Do you know how much VRAM/unified is needed for the 27B model, which is generally regarded as better between the two compared in the article, is needed with little to no KLD loss and at 256k context?
Also, once you worked out how much memory is needed for that, maybe tell us how much a non-Apple system that you can run that (probably similarly or faster) would cost?
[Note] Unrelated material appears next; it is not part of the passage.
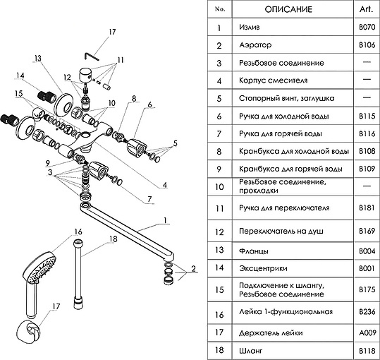 эксцентрики, настенный держатель, душевой шланг, душевая лейка, аэратор, переключатель потоков

And when you have answered that, can you tell us how much privacy costs? Maybe also tell us how private OpenRouter is?
Edit: looking at other replies that are basically pointing out the same thing I did, I guess it's my wording. It's frustrating that people who misinform others in some nicely packaged ways or just simply uninformed get to keep doing that if they sound nice. Thanks.
kllrnohj
an hour ago
> maybe tell us how much a non-Apple system that you can run that (probably similarly or faster) would cost?
Ryzen AI Max 395+ with 128GB of unified memory can be found around $3-4k.
But 27B isn't that large, either, especially if you are ok with the quantized models. So this laptop choice seems to more be a "because they had it" rather than "this is what's necessary for this particular workflow"
h4ny
an hour ago
That's my point. You can run Qwen3.6 27B with MTP and whatever else you want to bolt onto it at 256k context for much less than even a Ryzen AI Max 395+ with 128GB would cost. Even unquantized you don't need 128 GB so given your comment and the downvotes maybe I didn't word my original comment properly for this?